During non-invasive prenatal testing DNA from the mother and fetus is extracted from maternal blood sample and it is recommended for women who have risk factors for having a baby who has a chromosomal condition and this risk factor may include older maternal age or previously given birth to a baby who has Down syndrome, trisomy 13 or trisomy 18. Non-invasive prenatal testing is also recommended if a woman have an Rh negative blood type because if the fetus is Rh positive, mother might produce Rh antibodies after exposure to fetal red blood cells. This is not a concern during a first pregnancy, but during subsequent pregnancies. These factors are expected to provide major growth traction to the global non-invasive prenatal testing market.
Non-invasive Prenatal Testing Market Taxonomy
By Product Type
By End User
Rise in number of women choosing late pregnancies is expected to fuel the growth of non-invasive prenatal testing market
The average maternal age nowadays is increased due to rise in number of working women so the risk of pregnancies has also increased which shows the growth in the market of NIPT. As a woman age the risk of having baby with Down syndrome increase but other factor also play a role, which include the number of existing siblings and how big is the gap between the child and his immediate preceding sibling. As according to Centers for Disease Control and Prevention in year 2016, Down syndrome continues to be the most common chromosomal disorder, as each year about 6000 babies were born with Down syndrome in the U.S.

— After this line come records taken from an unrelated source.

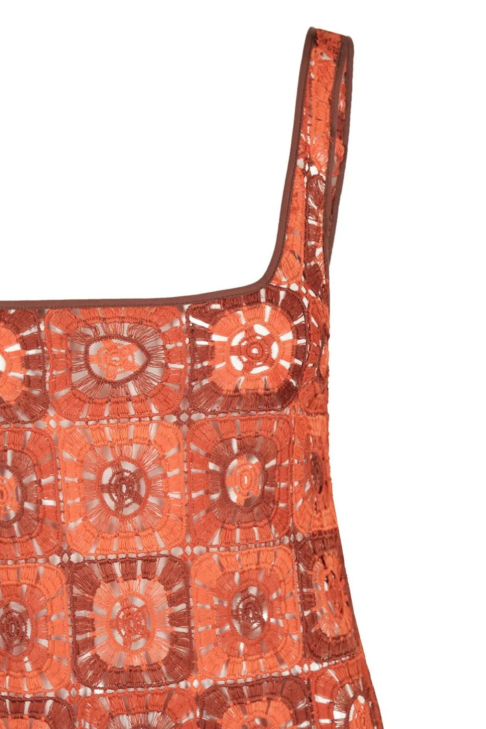 Styling Notes:This Ankle Dress Effortlessly Slips On, Making It A Convenient And Stylish Choice For Any Occasion. In Striking Terracotta And Red Hues, It Features An Intricately Embroidered Pattern That Adds A Touch Of Artistry To Your Look. Crafted From Crochet, It Offers Both Style And Comfort, Ensuring You Make A Statement With Ease. Size And Fit:Designed For A Relaxed Fit, Offering A Comfortable And Laid-Back Style. True To Size, Please Consult Our Size Chart For Reference.Product Details:Embroideredclosure: Slip Oncomposition: 100% Polyesterfabrication: Poly Crochetcolor: Terracota/Redhand Washmade In Colombiashipping And Return Policies:Complimentary Shipping And Returns. Terms And Conditions Apply. Please Visit Our Shipping And Return Policies.
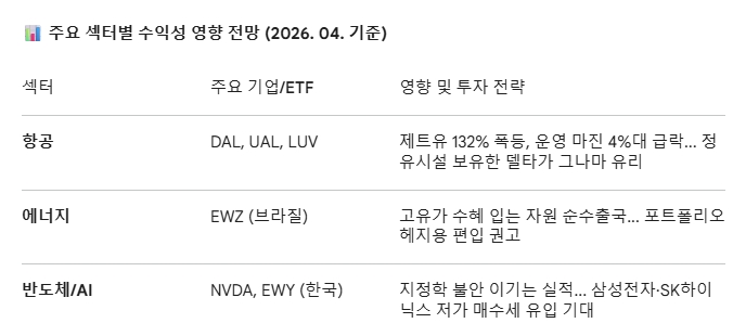 가장 견고한 흐름을 보이는 곳은 테크 및 AI 섹터다. 엔비디아(NVDA), 마이크로소프트(MSFT) 등은 지정학적 불안보다 압도적인 AI 수요라는 본질적 성장에 집중하고 있다. 특히 한국의 삼성전자와 SK하이닉스를 담은 EWY(한국 ETF)는 중동 리스크로 인한 일시적 조정에도 불구하고, 메모리 반도체 업황 회복과 저평가 매력이 부각되며 '안보 랠리'의 핵심축으로 주목받고 있다.
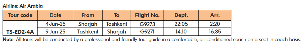 🚤 Guaranteed Early check-in on the day of arrival in Tashkent.
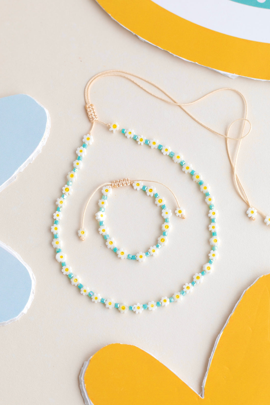 Doğal ve zarif görünümüyle öne çıkan papatyalı sedef boncuklu kolye ve bileklik set, el yapımı...
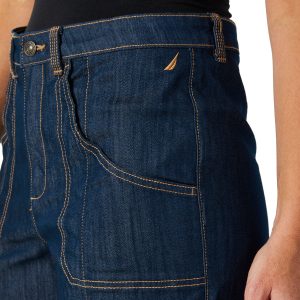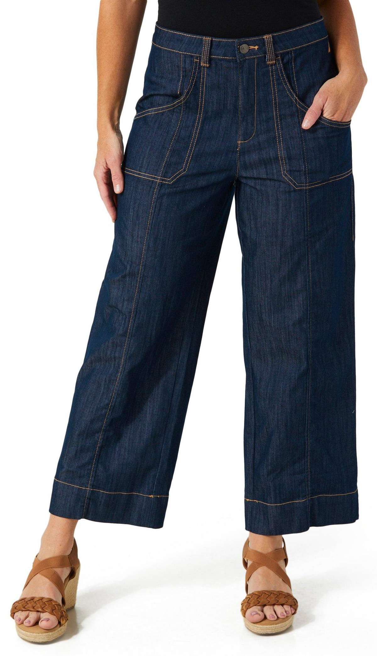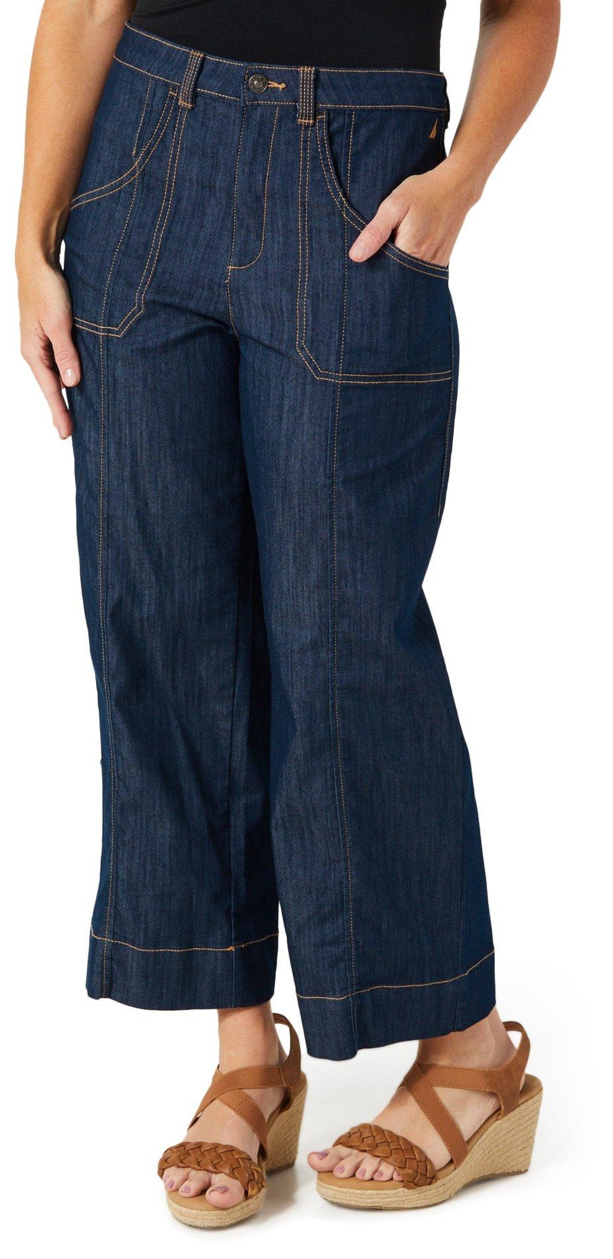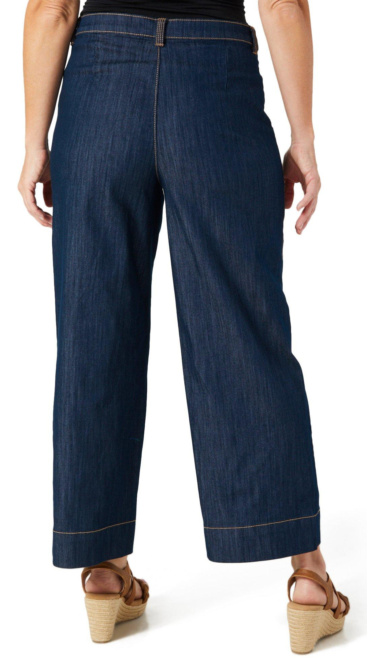 Elevate your denim game with these womens contrast stretch culottes. Designed with a wide leg crop fit, they feature side pockets and a classic button fly with zip closure for a modern twist on a timeless look.

Whereas, Centers for Disease Control and Prevention also states in 2017 that older mothers are more likely to have a baby affected by Down syndrome than younger mothers. In other words, the prevalence of Down syndrome increases as the mother’s age increases, which is also expected to favor growth of non-invasive prenatal testing market.
Regional growth engines of the non-invasive prenatal testing market
In terms of geography non-invasive prenatal testing market is segmented into North America, Europe, Asia Pacific, Middle East, Latin America and Africa. North America is expected to dominate the market of NIPT due increase in high incidence of chromosomal abnormalities, increase in awareness and increase in maternal age. Increase in high disposable income and developing healthcare infrastructure with rise in awareness regarding NPIT is expected to favor the growth in Asia Pacific region. Whereas due to its high level of safety and guarantee provided with the NIPT is also expected to fuel the market in various other regions.
Key players dominating the non-invasive prenatal testing market
The non-invasive prenatal testing market is driven by product launches and development strategies such as acquisition and collaboration by manufacturers. Recently Sequenom Inc. was acquired by LabCorp in January 2017. Other key players operating the market include GE Healthcare, Koninklijke Philips N.V., Illumina, Inc., Thermo Fisher Scientific, Inc., F. Hoffmann-La Roche Ltd., Pacific Biosciences of California, Inc., PerkinElmer, Inc., QIAGEN N.V., Agilent Technologies, Inc., and Beijing Genomics Institute.